The plot that I would like to have seen, as an NHS user, would be a chart of PRAiS adjusted annual deaths against time for the “training” data. That chart should then have natural process limits (“NPLs”) added, calculated from the PRAiS adjusted deaths. This must show stable and predictable PRAiS adjusted deaths. Otherwise, the usefulness of the model and the whole approach is compromised. The NPLs could then be extended forwards in time and subsequent PRAiS adjusted mortalities charted on an annual basis. There would be individual hospital charts and a global chart. New points would be added annually.
I know that there is a complexity with the varying number of patients each year but if plotted in the aggregate and by hospital there is not enough variation, I think, to cause a problem.
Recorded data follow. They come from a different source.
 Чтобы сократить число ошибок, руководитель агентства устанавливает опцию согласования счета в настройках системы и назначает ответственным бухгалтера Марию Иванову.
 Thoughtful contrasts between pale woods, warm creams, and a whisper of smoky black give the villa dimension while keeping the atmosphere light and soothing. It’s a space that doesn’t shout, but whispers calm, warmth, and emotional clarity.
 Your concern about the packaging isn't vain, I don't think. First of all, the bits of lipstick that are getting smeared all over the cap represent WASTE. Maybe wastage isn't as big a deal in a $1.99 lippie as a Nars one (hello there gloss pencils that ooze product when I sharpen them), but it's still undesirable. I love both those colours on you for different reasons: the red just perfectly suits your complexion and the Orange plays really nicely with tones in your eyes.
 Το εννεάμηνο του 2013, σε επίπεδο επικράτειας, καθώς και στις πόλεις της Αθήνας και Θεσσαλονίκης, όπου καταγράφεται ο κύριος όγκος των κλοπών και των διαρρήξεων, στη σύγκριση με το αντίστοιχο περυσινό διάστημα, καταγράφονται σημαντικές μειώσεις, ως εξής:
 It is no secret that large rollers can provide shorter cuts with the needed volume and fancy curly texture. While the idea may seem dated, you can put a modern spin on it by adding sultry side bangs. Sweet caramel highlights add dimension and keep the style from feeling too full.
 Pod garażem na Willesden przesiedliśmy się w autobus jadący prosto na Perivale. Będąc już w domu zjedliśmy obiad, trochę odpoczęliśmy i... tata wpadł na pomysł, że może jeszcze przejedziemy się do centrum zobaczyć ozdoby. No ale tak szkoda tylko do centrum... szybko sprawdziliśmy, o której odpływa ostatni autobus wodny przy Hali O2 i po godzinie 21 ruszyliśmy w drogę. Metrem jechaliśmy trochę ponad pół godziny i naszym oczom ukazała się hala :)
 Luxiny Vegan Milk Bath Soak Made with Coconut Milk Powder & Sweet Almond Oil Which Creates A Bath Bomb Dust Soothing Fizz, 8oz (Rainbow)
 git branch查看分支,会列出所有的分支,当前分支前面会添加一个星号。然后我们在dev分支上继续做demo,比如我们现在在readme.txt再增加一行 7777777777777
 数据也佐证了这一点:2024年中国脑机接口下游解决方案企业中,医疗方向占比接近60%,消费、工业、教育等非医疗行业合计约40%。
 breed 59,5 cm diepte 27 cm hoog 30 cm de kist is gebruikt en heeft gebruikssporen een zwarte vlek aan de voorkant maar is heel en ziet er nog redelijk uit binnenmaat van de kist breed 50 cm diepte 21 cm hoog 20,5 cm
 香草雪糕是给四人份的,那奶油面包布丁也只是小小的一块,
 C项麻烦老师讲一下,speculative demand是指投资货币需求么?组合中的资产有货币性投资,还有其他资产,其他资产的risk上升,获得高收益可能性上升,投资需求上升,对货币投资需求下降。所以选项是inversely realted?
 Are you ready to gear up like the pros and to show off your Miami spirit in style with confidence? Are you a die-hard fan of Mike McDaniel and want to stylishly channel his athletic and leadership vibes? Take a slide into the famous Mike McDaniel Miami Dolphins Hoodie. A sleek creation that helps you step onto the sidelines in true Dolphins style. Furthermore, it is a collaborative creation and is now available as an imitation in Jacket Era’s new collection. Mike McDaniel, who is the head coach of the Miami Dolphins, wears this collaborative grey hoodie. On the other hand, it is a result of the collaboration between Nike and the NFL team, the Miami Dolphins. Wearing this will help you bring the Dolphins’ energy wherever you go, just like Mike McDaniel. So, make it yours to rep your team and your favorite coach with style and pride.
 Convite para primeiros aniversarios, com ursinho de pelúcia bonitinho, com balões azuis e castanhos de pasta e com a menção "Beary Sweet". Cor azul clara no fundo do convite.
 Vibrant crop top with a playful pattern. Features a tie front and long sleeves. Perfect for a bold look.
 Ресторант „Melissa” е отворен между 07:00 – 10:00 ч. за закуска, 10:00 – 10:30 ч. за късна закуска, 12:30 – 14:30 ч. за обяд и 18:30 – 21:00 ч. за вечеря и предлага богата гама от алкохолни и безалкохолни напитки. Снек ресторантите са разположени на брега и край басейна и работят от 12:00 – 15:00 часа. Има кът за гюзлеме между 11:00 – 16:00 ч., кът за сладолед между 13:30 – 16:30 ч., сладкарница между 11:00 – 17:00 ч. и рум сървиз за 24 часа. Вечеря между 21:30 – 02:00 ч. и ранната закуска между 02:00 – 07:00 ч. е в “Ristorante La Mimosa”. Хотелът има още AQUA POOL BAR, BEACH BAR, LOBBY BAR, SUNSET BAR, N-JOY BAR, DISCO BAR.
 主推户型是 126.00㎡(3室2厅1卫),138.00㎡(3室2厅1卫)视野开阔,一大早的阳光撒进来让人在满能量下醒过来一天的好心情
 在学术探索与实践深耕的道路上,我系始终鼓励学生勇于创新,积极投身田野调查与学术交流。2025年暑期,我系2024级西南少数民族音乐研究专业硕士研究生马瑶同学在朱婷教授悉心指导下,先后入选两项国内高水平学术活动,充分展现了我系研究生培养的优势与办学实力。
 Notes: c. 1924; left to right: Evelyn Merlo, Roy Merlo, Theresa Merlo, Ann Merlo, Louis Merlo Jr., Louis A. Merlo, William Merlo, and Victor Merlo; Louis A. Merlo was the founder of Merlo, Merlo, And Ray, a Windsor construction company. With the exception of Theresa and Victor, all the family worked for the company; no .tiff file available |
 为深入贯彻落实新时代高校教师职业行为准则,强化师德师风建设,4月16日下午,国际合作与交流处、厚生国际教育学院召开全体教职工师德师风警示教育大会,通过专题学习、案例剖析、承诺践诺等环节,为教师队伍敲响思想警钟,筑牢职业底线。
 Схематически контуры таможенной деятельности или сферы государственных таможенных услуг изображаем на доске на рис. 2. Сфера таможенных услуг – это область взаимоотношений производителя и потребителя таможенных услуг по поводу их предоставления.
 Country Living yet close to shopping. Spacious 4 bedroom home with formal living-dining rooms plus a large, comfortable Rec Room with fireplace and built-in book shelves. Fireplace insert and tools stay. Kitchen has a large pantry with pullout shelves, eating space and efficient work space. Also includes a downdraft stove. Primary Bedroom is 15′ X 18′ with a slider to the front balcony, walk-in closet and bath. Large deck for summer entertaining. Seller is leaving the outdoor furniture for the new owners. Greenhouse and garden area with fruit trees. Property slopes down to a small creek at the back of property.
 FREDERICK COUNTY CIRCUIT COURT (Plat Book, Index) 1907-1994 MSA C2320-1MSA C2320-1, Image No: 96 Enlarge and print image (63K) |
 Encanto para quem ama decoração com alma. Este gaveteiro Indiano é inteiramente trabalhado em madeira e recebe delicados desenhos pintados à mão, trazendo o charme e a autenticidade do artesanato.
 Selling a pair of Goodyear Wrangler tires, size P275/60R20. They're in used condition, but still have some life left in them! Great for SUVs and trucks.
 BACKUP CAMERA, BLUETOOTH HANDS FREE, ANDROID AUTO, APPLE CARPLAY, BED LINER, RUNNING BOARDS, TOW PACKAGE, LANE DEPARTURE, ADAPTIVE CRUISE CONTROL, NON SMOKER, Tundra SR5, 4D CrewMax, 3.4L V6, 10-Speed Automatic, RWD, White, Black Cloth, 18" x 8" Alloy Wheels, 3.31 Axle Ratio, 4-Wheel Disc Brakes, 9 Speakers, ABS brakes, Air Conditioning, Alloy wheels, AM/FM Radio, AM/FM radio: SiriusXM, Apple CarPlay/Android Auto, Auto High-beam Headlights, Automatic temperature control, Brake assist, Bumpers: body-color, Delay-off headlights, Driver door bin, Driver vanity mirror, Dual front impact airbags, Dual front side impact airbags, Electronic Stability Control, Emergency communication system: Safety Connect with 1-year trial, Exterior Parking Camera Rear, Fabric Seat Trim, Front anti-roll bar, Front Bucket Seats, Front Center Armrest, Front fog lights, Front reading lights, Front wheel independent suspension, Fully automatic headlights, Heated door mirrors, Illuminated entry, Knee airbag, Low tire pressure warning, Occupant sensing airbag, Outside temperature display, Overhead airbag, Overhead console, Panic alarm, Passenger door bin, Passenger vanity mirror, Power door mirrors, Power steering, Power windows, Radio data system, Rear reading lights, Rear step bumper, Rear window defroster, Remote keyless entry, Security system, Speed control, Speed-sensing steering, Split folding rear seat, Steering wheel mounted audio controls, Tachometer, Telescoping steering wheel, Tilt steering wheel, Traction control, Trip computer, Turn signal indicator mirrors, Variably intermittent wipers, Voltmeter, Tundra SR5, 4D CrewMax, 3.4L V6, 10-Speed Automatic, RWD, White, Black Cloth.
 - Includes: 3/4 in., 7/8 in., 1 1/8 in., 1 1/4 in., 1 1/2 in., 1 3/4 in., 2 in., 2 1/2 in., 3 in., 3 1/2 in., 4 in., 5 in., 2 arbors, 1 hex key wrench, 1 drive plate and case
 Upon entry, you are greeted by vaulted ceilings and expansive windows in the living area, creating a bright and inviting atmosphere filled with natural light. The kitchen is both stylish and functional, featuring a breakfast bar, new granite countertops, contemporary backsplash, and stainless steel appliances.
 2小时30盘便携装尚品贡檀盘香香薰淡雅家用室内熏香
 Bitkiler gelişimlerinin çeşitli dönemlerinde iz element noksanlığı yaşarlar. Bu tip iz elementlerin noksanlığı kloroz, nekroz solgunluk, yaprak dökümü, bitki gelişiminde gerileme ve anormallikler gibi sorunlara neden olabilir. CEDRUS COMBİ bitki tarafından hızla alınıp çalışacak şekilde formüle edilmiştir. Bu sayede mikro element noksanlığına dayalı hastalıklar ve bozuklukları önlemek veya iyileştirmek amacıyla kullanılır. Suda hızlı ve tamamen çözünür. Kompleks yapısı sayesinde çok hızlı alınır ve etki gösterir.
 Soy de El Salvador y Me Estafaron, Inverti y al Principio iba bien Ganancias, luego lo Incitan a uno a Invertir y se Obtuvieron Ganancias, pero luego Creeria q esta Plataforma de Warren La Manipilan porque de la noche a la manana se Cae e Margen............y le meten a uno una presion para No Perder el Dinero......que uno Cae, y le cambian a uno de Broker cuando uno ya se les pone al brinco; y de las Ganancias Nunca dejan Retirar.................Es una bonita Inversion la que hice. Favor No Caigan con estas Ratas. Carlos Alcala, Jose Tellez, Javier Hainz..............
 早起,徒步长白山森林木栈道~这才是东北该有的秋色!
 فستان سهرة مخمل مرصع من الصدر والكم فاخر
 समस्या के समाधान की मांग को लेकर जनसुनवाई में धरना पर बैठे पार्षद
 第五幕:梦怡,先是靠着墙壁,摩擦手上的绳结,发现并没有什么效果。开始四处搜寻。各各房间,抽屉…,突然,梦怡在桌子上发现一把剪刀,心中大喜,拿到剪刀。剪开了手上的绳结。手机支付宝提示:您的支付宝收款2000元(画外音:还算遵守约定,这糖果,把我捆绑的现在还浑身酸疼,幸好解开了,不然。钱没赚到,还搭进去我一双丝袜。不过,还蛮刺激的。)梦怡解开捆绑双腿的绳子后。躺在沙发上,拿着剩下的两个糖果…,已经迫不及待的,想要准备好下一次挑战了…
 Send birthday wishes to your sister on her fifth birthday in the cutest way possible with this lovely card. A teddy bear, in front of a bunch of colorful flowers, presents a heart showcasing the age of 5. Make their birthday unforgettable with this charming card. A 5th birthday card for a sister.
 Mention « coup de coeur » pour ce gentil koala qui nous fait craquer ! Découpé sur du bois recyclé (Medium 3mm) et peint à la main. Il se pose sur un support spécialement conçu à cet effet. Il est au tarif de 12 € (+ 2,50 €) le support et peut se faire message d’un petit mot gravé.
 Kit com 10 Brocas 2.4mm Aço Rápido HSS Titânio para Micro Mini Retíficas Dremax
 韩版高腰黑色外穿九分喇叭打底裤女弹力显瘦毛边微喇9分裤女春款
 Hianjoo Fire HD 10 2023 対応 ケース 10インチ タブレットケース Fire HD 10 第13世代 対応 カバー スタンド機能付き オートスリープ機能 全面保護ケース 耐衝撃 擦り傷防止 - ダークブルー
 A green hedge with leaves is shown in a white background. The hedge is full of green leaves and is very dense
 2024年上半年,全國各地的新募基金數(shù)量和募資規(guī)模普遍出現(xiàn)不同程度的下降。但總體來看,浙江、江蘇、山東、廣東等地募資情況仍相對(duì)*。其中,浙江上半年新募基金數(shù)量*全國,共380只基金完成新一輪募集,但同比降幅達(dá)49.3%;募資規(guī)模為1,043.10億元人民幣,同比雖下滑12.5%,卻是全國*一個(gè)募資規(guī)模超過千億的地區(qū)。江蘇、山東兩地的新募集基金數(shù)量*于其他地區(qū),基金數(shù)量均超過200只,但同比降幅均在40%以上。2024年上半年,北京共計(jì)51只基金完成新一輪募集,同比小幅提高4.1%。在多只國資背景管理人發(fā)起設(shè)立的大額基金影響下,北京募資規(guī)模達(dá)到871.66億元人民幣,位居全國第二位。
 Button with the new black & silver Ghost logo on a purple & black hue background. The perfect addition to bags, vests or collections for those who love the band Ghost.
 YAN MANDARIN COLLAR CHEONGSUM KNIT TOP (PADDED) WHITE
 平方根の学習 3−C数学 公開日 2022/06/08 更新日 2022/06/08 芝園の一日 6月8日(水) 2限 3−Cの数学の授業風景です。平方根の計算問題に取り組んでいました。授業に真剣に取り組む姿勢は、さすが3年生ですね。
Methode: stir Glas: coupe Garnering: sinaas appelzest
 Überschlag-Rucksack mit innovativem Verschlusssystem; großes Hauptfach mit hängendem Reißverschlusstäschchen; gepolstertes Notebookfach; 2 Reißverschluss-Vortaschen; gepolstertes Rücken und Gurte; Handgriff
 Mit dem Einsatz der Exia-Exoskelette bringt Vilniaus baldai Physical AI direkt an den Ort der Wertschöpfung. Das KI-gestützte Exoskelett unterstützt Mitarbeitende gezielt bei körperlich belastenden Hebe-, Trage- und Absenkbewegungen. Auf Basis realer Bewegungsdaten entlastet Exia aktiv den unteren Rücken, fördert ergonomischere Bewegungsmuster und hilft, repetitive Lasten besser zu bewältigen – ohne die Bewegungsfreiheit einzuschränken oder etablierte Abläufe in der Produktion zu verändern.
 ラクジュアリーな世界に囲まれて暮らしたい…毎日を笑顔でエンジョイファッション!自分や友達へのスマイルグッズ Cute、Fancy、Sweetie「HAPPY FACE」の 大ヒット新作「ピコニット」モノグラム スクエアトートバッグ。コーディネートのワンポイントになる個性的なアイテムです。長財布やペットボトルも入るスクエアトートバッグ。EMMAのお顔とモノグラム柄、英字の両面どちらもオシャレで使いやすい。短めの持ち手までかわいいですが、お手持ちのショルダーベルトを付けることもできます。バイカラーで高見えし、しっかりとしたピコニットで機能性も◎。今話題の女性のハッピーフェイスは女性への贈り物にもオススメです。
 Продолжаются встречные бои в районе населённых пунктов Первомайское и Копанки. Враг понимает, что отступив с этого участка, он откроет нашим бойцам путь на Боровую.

The chart I suggest has some advantages. It would show performance over time in a manner transparent to NHS users. Every time the data comes in issue we could look and see that we have the same chart as last time we looked with new data added. We could see the new data in the context of the experience base. That helps build trust in data. There would be no need for an ad hoc analysis every time a question was raised. Further, the “training” data would give us the residual process variation empirically. We would not have to rely on simplifying assumptions such as the Poisson distribution when we are looking for a surprise.
There is a further point. The authors of the report recognise a signal against two criteria, an “Alert area” and an “Alarm area”. I’m not sure how clinicians and managers respond to a signal in these respective areas. It is suggestive of the old-fashioned “warning limits” that used to be found on some control charts. However, the authors of the report compound matters by then stating that hospitals “approaching the alert threshold may deserve additional scrutiny and monitoring of current performance”. The simple truth is that, as Terry Weight used to tell me, a signal is a signal is a signal. As soon as we see a signal we protect the customer and investigate its cause. That’s all there is to it. There is enough to do in applying that tactic diligently. Over complicating the urgency of response does not, I think, help people to act effectively on data. If we act when there is no signal then we have a strategy that will make outcomes worse.
Of course, I may have misunderstood the report and I’m happy for the authors to post here and correct me.
If we wish to make data the basis for action then we have to move from reactive ad hoc analysis to continual and transparent measurement along with a disciplined pattern of response. Medical safety strikes me as exactly the sort of system that demands such an approach.